(Splash)
The hip-hop world has themselves a new gossip maven! Is it Remy Ma or Lil’ Kim or MIssy Elliot, or hell, Sisqo? Nope. It’s Akon! The “Smack That” dude revealed to the world that Eminem and Kim, whose second divorce finalized about a nanosecond ago, are…engaged? What in the hell?
Akon, who teamed up with the Stan star on hit song Smack That, says the couple may have their differences but can’t live without each other.
He said: “Eminem still loves Kim. They have one of those relationships where they are off one minute and back together the next. He can’t live with her, and he can’t live without her. But they are meant for each other. They are engaged again.”
Gossipy bitch says what? That’s completely deranged yet, sorta par for the course for those two. I don’t know if it’s true or not. But I hope she enjoys once again bucking the odds of her ending up as a corpse in his trunk. I’m sorry, I know it’s an old song, but he wrote a SONG ABOUT KILLING HER AND PUTTING HER IN HIS TRUNK. If she’s STILL tangling with his crazy ass, then those divorce pay-outs must be bank.


























How much money does Emmie-nemmy want to hand over to the psycho-bitch 2X divorced ex-wife? Apparently, all of it.
She’s blowing him again, and his little head is thinking for his big head.
Em might want to think about a PRE-NUP, or he’s going to end up broke. On the upside, that’s when Kim will go hunting for a new husband.
The only way this is going to end is when one of them dies, probably at the hands of the other one. Very hillbilly, which makes it funny!
You know what they say: Third time’s a charm. Or not. Who the hell knows with these two.

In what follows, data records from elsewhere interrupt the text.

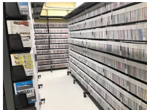
<バックヤード イメージ>

11月27日（水）にゲオスピードの2号店としてオープンする「ゲオスピード祖師ヶ谷大蔵店」の売り場面積は7坪で、在庫数は通常のゲオショップの約1.5倍の10万本です。この狭小店での大量在庫は、店内にDVDなどのパッケージを陳列せず、バックヤードに薄いケースで保管するという形式で実現しました。料金はDVD・ブルーレイ旧作の基本料金が1枚50円からで、利用日翌日の13時以降からは、レンタル日数に応じて追加料金が加算される従量課金制となります。なお、DVD・CDのレンタルに加え、新品・中古ゲームソフトおよびゲーム機器の販売も行います。
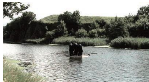
Marie Aerts, Grâce , 2013, vidéo HD, 4'40.

Le travail de Marie Aerts questionne les notions de pouvoir et d'organisation sociale qui régissent les sociétés humaines. Elle interroge les méthodes de légitimations d'un pouvoir, ou d'une forme de domination et les rapports que celles-ci entretiennent avec la croyance. Elle explore les interstices d'un pouvoir, là où les symboles s'installent et déploient leur capacité de fascination. À travers diverses stratégies d'altération, Marie Aerts s'attaque à ces concentrés de représentations, à l'aide d'opérations de soustraction et de transformation qui lui sont chères.
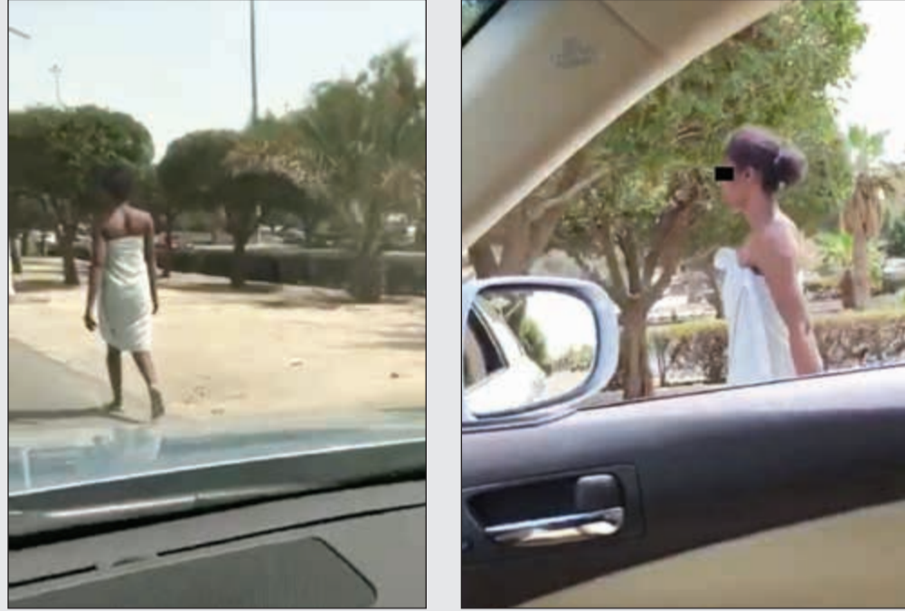
الأفريقية بالمنشفة ودون حذاء

نقل رجال الاسعاف وافدة أفريقية تم رصدها من قبل مواطنة تقوم بالسير على القدمين في ممشى النزهة وقد غطت جزءاً من جسدها بمنشفة، وقال مصدر أمني إن بلاغاً ورد من مواطنة تفيد بوجود امرأة أفريقية تسير دون حذاء وبمنشفة وضعتها على جزء من جسدها في ممشى النزهة، وعليه توجه رجال الأمن والاسعاف واتضح أن الوافدة من الجنسية الأفريقية (مدغشقر) وهي مهزوزة وتعاني من مرض نفسي وتم نقلها إلى المستشفى. وأضاف المصدر أن المواطنة التي قامت بإبلاغ العمليات وتقت الواقعة بتصوير فيديو انتشر بشكل كبير عبر مواقع التواصل الاجتماعي. إلى ذلك قال مصدر أمني لـ «الأنباء» أن إدارة العمالة المنزلية بصد استدعاء صاحب المكتب الذي استقدمها بهدف التحقيق ومعرفة ما إذا كان على علم باصطحابها نفسياً.
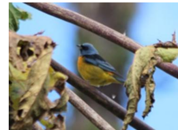
Hemithraupis guira saíra-de-papo-preto
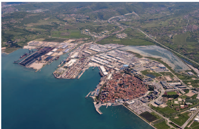
Koper iz zraka

Koper je šesto največje mesto v Sloveniji in s 23.726 prebivalci največje obalno mesto. Mesto ima dva uradna jezika, slovenščine in italijanščino. Ob njem je mednarodno pristanišče Luka Koper.
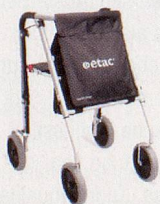
Avant LW – sehr gute Ergonomie und sehr leicht (5.8kg).

Verlangen Sie unsere Dokumentation und Händlerliste.
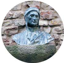
Het borstbeeld van Dante geeft aan waar zijn geboortehuis misschien heeft gestaan

In de Santa Margherita de' Cerchi 7 trouwde Dante rond 1285 met Gemma di Manetto. In deze kleine kerk vind je ook het familiegraf van de Portinari's, met een gedenkplaat voor de al jong gestorven Beatrice. In 1302 werd de vrijdenkende dichter-filosoof Dante in zijn geboortestad ter dood veroordeeld. De laatste jaren van zijn leven bracht Dante in ballingschap door en hij stierf in 1321 in de stad Ravenna aan de kust van de Adriatische Zee.

I doubt eminem is violent to his girlfriends the way his songs sing about. A lot of people have diaries that look the way his songs sound.. but they dont show them around the way he does. It seems like the actual violent awful people around don’t express it. They are the sort of people you’de never expect it from. Like bundy for example who seemed normal. Ect. Anyway. Nice blog by the way..
Even though she’s not wearing her uber-fugly black lipliner, she’s still one of the fugliest bitches ever. I mean, she looks like a retarded otter!
That, my friends, is true love. Ugly, isn’t it?